Java Code Implementation

import java.util.*;

public class KClosestPointsToOrigin {

    public int[][] kClosest(int[][] points, int k) {
        // Step 1: Create a max-heap based on squared distance
        PriorityQueue<int[]> maxHeap = new PriorityQueue<>(
            (a, b) -> Integer.compare(distance(b), distance(a))
        );

        // Step 2: Process each point
        for (int[] point : points) {
            maxHeap.offer(point); // Add point to heap
            if (maxHeap.size() > k) {
                maxHeap.poll(); // Remove the farthest point
            }
        }

        // Step 3: Extract k closest points
        int[][] result = new int[k][2];
        for (int i = 0; i < k; i++) {
            result[i] = maxHeap.poll();
        }

        return result;
    }

    // Helper method to calculate squared distance from origin
    private int distance(int[] point) {
        return point[0] * point[0] + point[1] * point[1];
    }

    // Optional main method for testing
    public static void main(String[] args) {
        KClosestPointsToOrigin obj = new KClosestPointsToOrigin();

        int[][] points1 = {{1,3}, {-2,2}};
        int k1 = 1;
        System.out.println(Arrays.deepToString(obj.kClosest(points1, k1))); // [[-2, 2]]

        int[][] points2 = {{3,3}, {5,-1}, {-2,4}};
        int k2 = 2;
        System.out.println(Arrays.deepToString(obj.kClosest(points2, k2))); // [[3, 3], [-2, 4]]
    }
}

Dry Run Example

Input:
points = [[3,3], [5,-1], [-2,4]], k = 2

Step-by-step:

  1. Start with an empty heap.
  2. Add [3,3] → distance = 18. Heap = [[3,3]]
  3. Add [5,-1] → distance = 26. Heap = [[5,-1], [3,3]]
  4. Add [-2,4] → distance = 20. Heap = [[5,-1], [3,3], [-2,4]]
    Heap size exceeds k = 2, remove the farthest → [5,-1] (distance 26).
    Remaining heap = [[3,3], [-2,4]]
  5. Extract heap contents → [[3,3], [-2,4]]

Output: [[3,3], [-2,4]]


Complexity Analysis

  • Time Complexity:
    O(n log k)
    • Each point insertion/removal in the heap takes O(log k) time.
    • For n points, total operations = O(n log k).
  • Space Complexity:
    O(k)
    The heap stores at most k points at any time.

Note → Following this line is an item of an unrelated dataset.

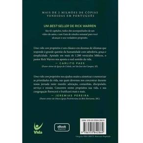 São 42 capítulos, todos eles acompanhados de um vídeo do autor, e um Guia de estudos semanal para você alcançar o seu verdadeiro propósito. Uma vida com propósitos é um clássico em dezenas de idiomas que responde à grande questão da humanidade com sabedoria, graça e simplicidade. Apoiado em mais de 1.200 versículos bíblicos, o pastor Rick Warren nos aponta o real sentido da vida. ?CARLITO PAES (Pastor sênior da Igreja da Cidade, em São José dos Campos, SP). Uma vida com propósitos nos ajudou muito a sintetizar e memorizar as prioridades da vida, nas quais devemos nos concentrar durante nossa jornada neste mundo: adoração, comunhão, discipulado, serviço e missão. Concentre nestes propósitos sua vida, e sua congregação florescerá e frutificará mais e mais. ? JEREMIAS PEREIRA (Pastor sênior da Oitava Igreja Presbiteriana de Belo Horizonte, MG)
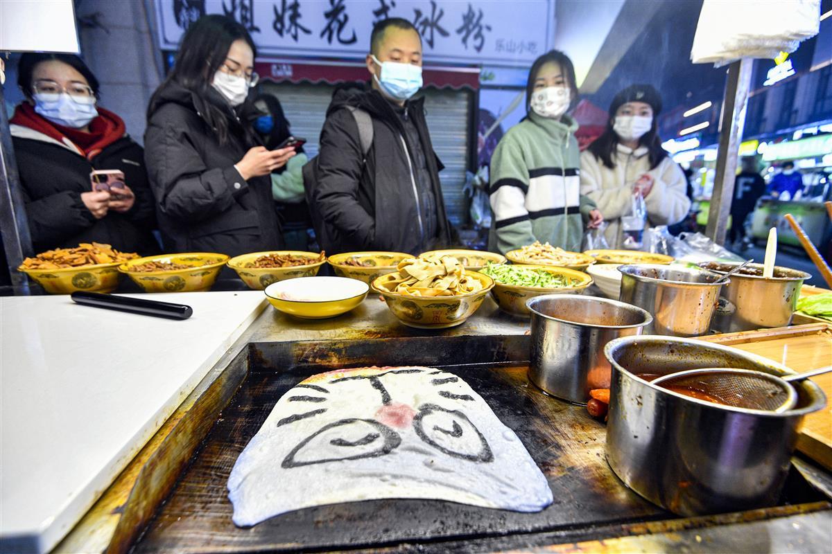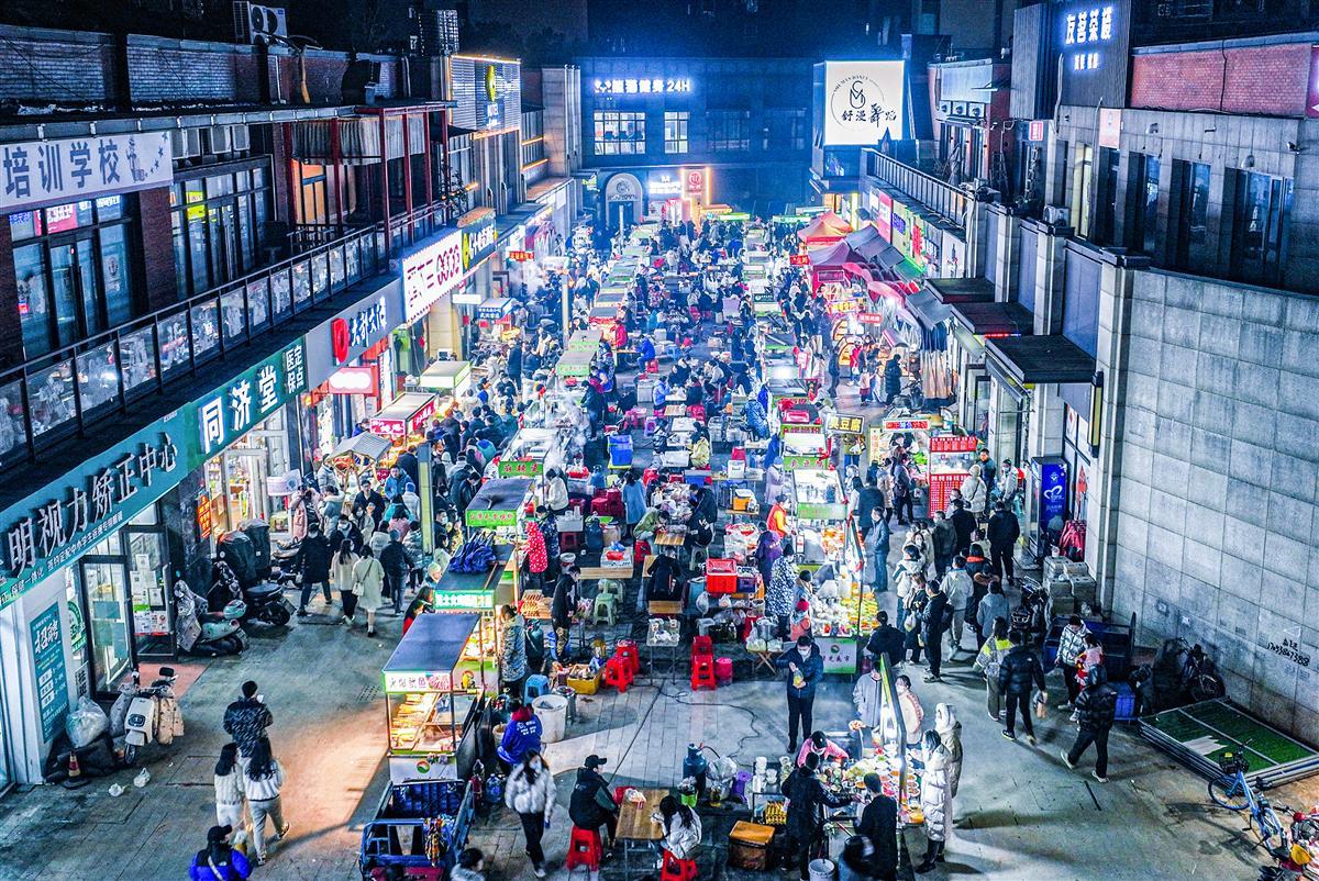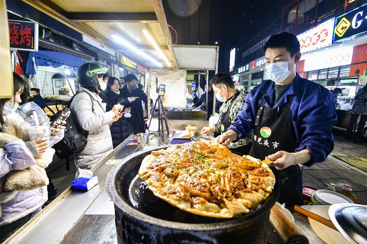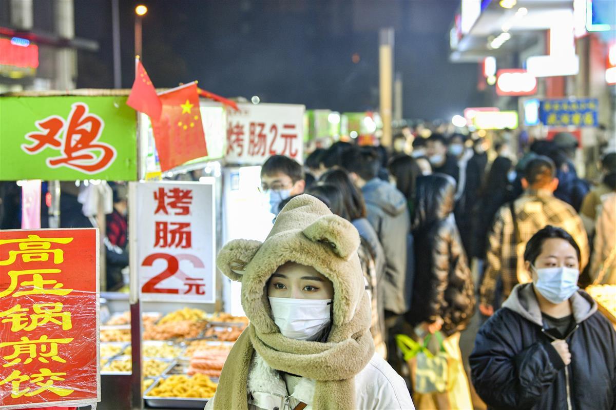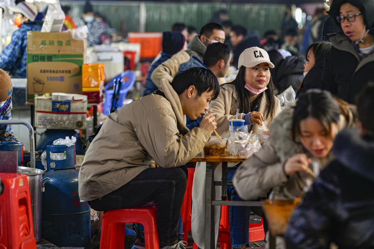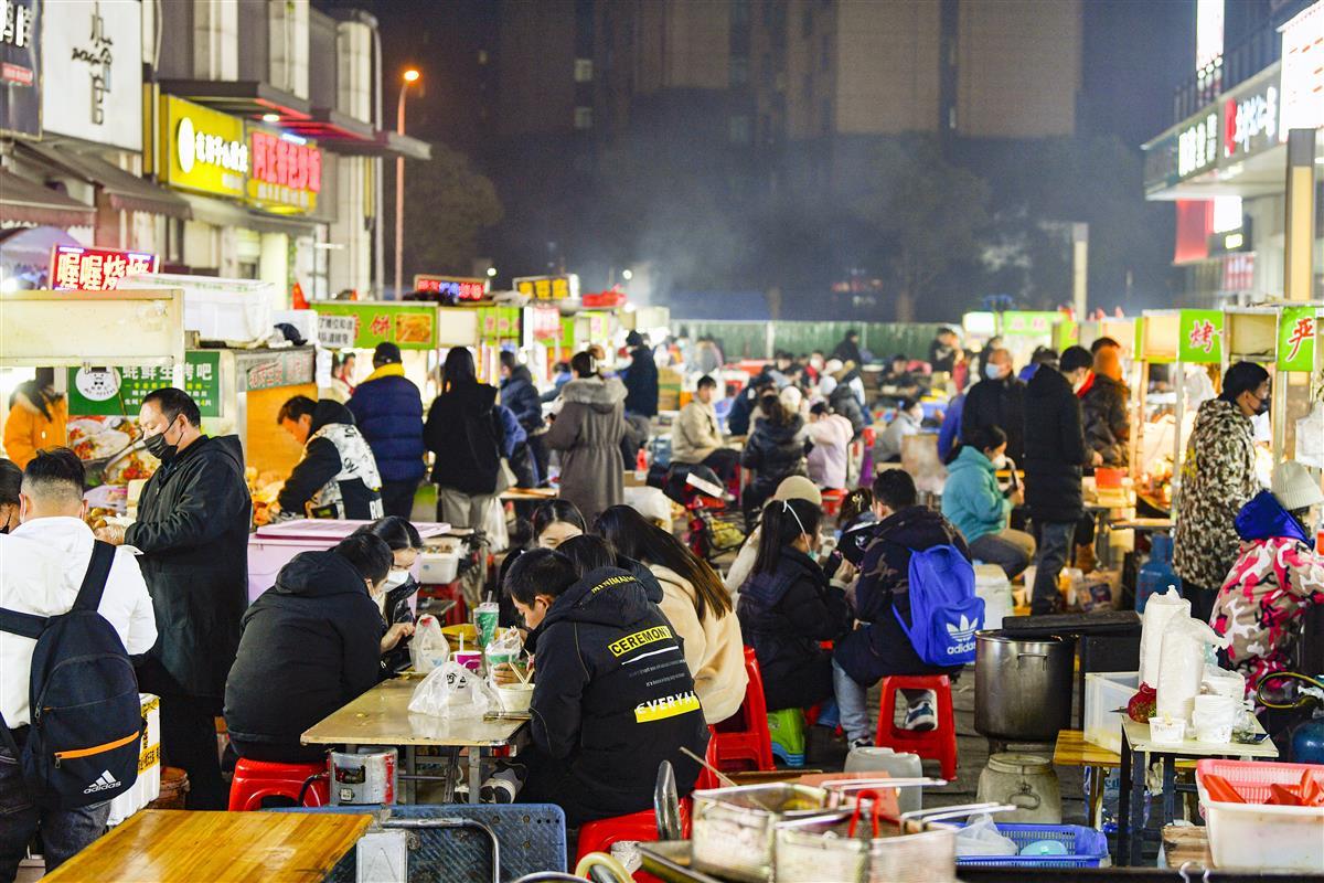 1月13日,夜幕降临,武汉光谷关山大道和民族大道之间的雄庄路上,人声车流喧嚣,雄庄路迎来了一天中最忙碌的时刻。该路一侧支路上的曙光夜市,人流如织,烟火蒸腾。冬夜里,曙光夜市烟火气越夜越沸腾。

If you use the sorting-based approach, the time complexity would be O(n log n) and space complexity O(n).


Alternative Approaches

  1. Sorting-Based Approach:
    • Compute all distances and sort all points.
    • Return the first k points.
    • Simpler to implement but slower for large n.
      Time complexity: O(n log n).
  2. QuickSelect Algorithm (Average O(n)):
    • Use QuickSelect (similar to quicksort partitioning) to find the kth smallest distance.
    • Partition points so that all smaller distances come before the kth distance.
    • Faster average case but complex to implement and less stable in worst-case scenarios.